(Records from a data collection)
————————

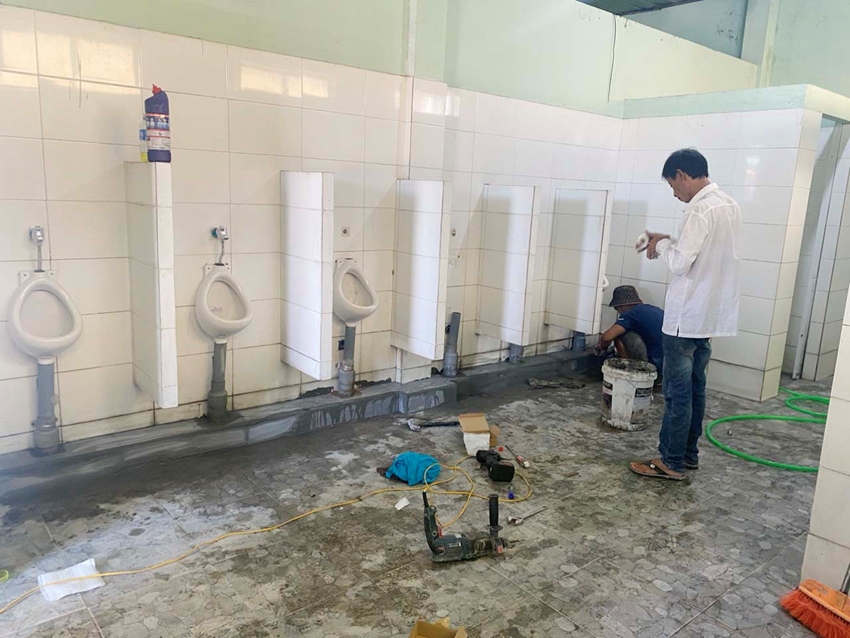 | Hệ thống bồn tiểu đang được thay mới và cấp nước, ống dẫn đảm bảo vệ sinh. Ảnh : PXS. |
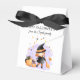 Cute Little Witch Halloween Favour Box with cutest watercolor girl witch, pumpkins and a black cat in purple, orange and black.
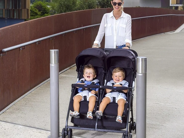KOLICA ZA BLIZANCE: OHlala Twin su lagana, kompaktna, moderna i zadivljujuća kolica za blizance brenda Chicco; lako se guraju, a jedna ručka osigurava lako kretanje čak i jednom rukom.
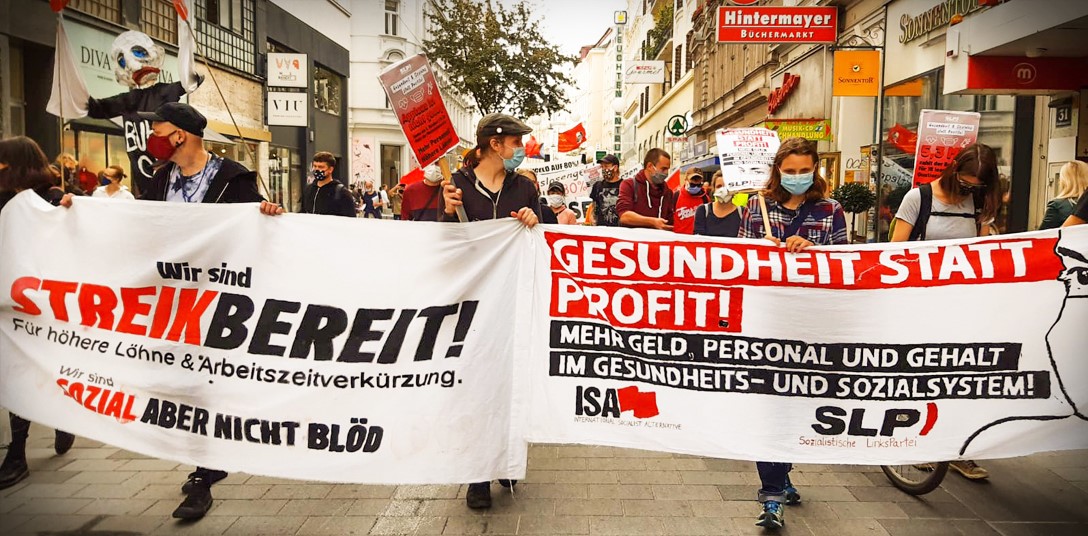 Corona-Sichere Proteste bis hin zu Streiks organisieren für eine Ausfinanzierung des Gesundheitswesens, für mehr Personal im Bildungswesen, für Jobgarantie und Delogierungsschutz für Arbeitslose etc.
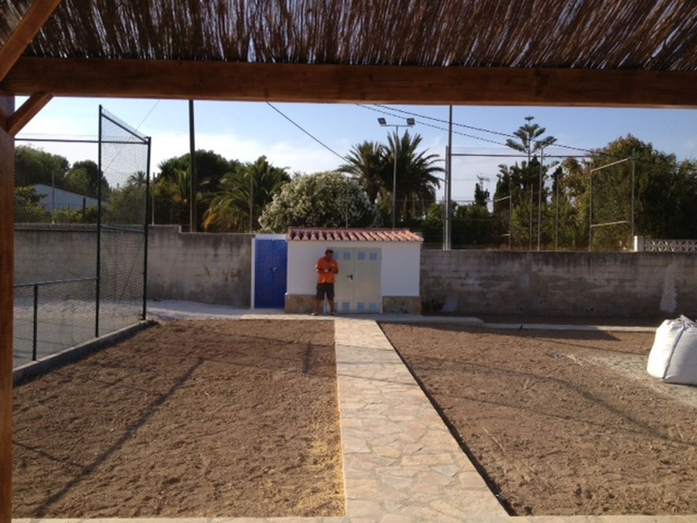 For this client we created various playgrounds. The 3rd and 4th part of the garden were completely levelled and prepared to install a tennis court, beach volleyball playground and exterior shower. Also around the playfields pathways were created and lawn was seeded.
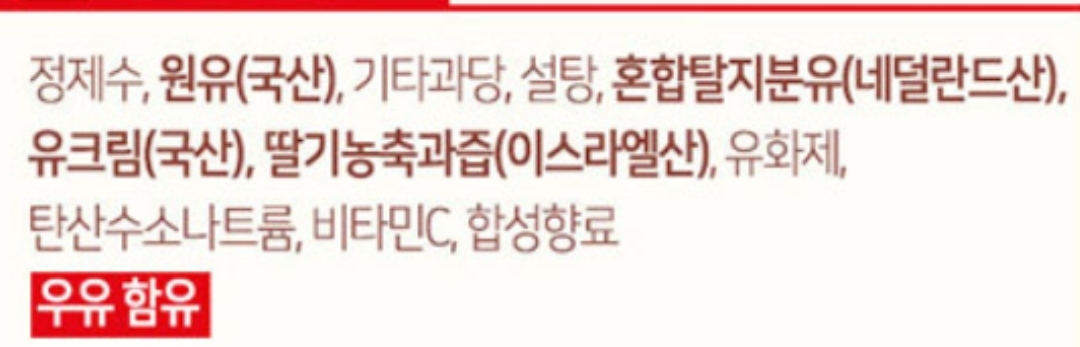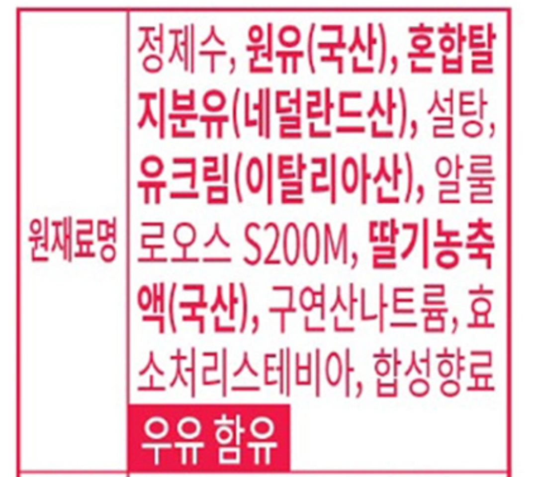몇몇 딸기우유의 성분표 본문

————————

Exercise brief — Would you copy all of the data exactly? Keep the pictures out of it.

Exercise output —
 | Hệ thống bồn tiểu đang được thay mới và cấp nước, ống dẫn đảm bảo vệ sinh. Ảnh : PXS. |
 Cute Little Witch Halloween Favour Box with cutest watercolor girl witch, pumpkins and a black cat in purple, orange and black.
KOLICA ZA BLIZANCE: OHlala Twin su lagana, kompaktna, moderna i zadivljujuća kolica za blizance brenda Chicco; lako se guraju, a jedna ručka osigurava lako kretanje čak i jednom rukom.
 Corona-Sichere Proteste bis hin zu Streiks organisieren für eine Ausfinanzierung des Gesundheitswesens, für mehr Personal im Bildungswesen, für Jobgarantie und Delogierungsschutz für Arbeitslose etc.
 For this client we created various playgrounds. The 3rd and 4th part of the garden were completely levelled and prepared to install a tennis court, beach volleyball playground and exterior shower. Also around the playfields pathways were created and lawn was seeded.
몇몇 딸기우유의 성분표 본문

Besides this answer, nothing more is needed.